#### HOW TO COMPLETE THIS TASK
Once the pictures have been set aside, copy every remaining entry exactly.

════

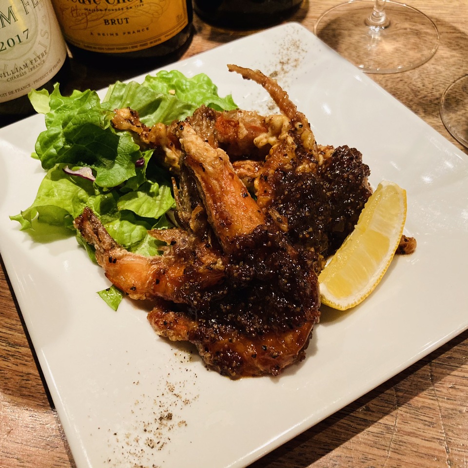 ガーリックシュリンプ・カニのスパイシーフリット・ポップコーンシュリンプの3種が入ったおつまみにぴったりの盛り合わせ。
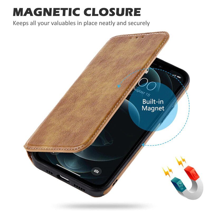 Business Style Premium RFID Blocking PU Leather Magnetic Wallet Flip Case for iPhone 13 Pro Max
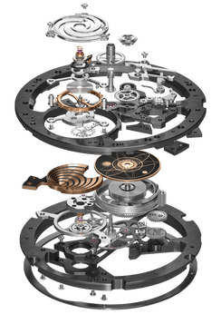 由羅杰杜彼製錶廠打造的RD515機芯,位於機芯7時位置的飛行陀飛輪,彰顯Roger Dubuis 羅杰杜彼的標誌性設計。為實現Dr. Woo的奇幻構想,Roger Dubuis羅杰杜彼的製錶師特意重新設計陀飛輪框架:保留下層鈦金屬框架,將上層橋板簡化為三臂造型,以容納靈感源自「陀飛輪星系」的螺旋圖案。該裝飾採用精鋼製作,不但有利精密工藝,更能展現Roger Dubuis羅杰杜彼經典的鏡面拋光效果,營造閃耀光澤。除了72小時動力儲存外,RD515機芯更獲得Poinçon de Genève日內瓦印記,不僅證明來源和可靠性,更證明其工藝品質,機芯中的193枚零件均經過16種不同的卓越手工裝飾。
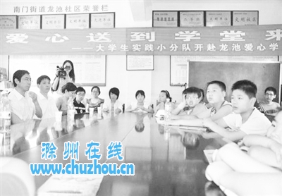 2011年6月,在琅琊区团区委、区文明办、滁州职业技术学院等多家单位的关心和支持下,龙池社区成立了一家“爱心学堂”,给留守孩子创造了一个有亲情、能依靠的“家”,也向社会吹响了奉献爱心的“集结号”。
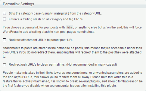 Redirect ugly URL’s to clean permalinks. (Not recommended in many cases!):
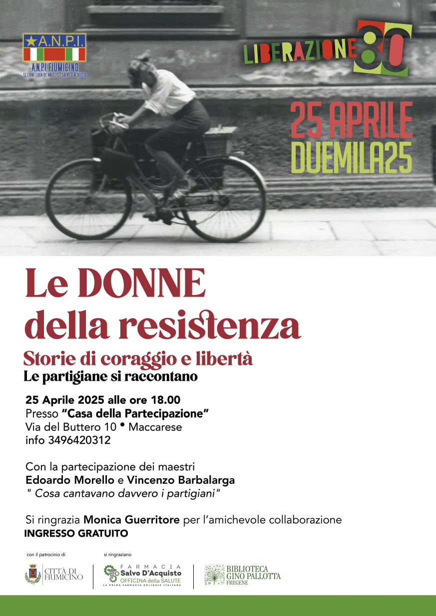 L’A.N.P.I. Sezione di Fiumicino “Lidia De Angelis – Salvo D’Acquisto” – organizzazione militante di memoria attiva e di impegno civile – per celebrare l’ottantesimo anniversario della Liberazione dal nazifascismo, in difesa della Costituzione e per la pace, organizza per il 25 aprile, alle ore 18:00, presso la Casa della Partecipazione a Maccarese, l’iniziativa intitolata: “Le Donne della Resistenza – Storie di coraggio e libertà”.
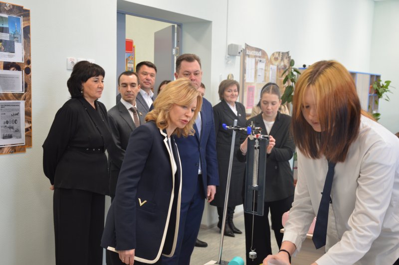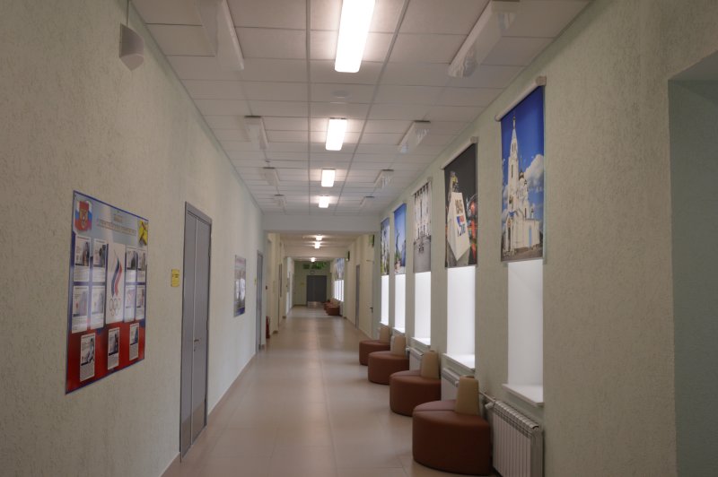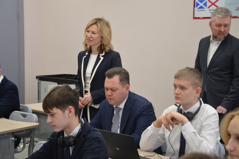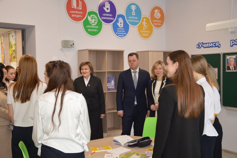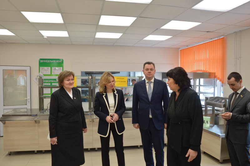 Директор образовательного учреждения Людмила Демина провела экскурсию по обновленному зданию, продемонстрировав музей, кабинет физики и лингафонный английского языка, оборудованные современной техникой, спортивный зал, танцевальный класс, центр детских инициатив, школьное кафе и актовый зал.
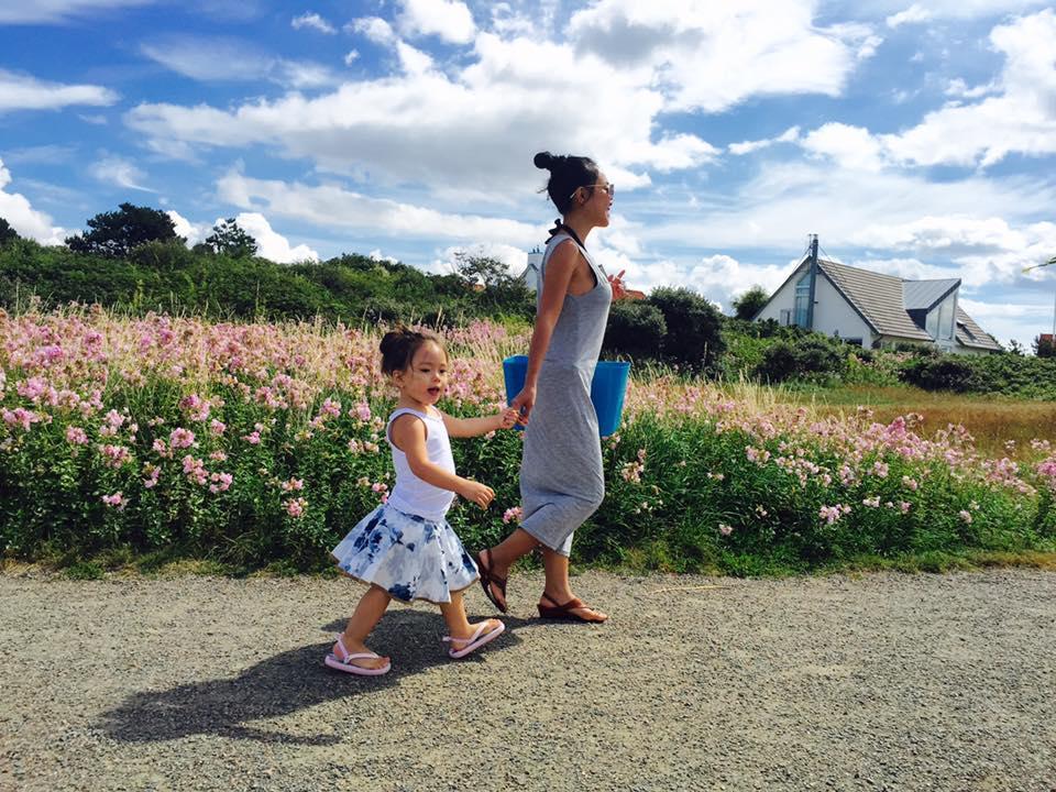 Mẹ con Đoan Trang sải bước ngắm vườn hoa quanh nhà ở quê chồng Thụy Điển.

════

#### RESPONSE AREA
 ガーリックシュリンプ・カニのスパイシーフリット・ポップコーンシュリンプの3種が入ったおつまみにぴったりの盛り合わせ。
 Business Style Premium RFID Blocking PU Leather Magnetic Wallet Flip Case for iPhone 13 Pro Max
 由羅杰杜彼製錶廠打造的RD515機芯,位於機芯7時位置的飛行陀飛輪,彰顯Roger Dubuis 羅杰杜彼的標誌性設計。為實現Dr. Woo的奇幻構想,Roger Dubuis羅杰杜彼的製錶師特意重新設計陀飛輪框架:保留下層鈦金屬框架,將上層橋板簡化為三臂造型,以容納靈感源自「陀飛輪星系」的螺旋圖案。該裝飾採用精鋼製作,不但有利精密工藝,更能展現Roger Dubuis羅杰杜彼經典的鏡面拋光效果,營造閃耀光澤。除了72小時動力儲存外,RD515機芯更獲得Poinçon de Genève日內瓦印記,不僅證明來源和可靠性,更證明其工藝品質,機芯中的193枚零件均經過16種不同的卓越手工裝飾。
 2011年6月,在琅琊区团区委、区文明办、滁州职业技术学院等多家单位的关心和支持下,龙池社区成立了一家“爱心学堂”,给留守孩子创造了一个有亲情、能依靠的“家”,也向社会吹响了奉献爱心的“集结号”。
 Redirect ugly URL’s to clean permalinks. (Not recommended in many cases!):
 L’A.N.P.I. Sezione di Fiumicino “Lidia De Angelis – Salvo D’Acquisto” – organizzazione militante di memoria attiva e di impegno civile – per celebrare l’ottantesimo anniversario della Liberazione dal nazifascismo, in difesa della Costituzione e per la pace, organizza per il 25 aprile, alle ore 18:00, presso la Casa della Partecipazione a Maccarese, l’iniziativa intitolata: “Le Donne della Resistenza – Storie di coraggio e libertà”.
 Директор образовательного учреждения Людмила Демина провела экскурсию по обновленному зданию, продемонстрировав музей, кабинет физики и лингафонный английского языка, оборудованные современной техникой, спортивный зал, танцевальный класс, центр детских инициатив, школьное кафе и актовый зал.
 Mẹ con Đoan Trang sải bước ngắm vườn hoa quanh nhà ở quê chồng Thụy Điển.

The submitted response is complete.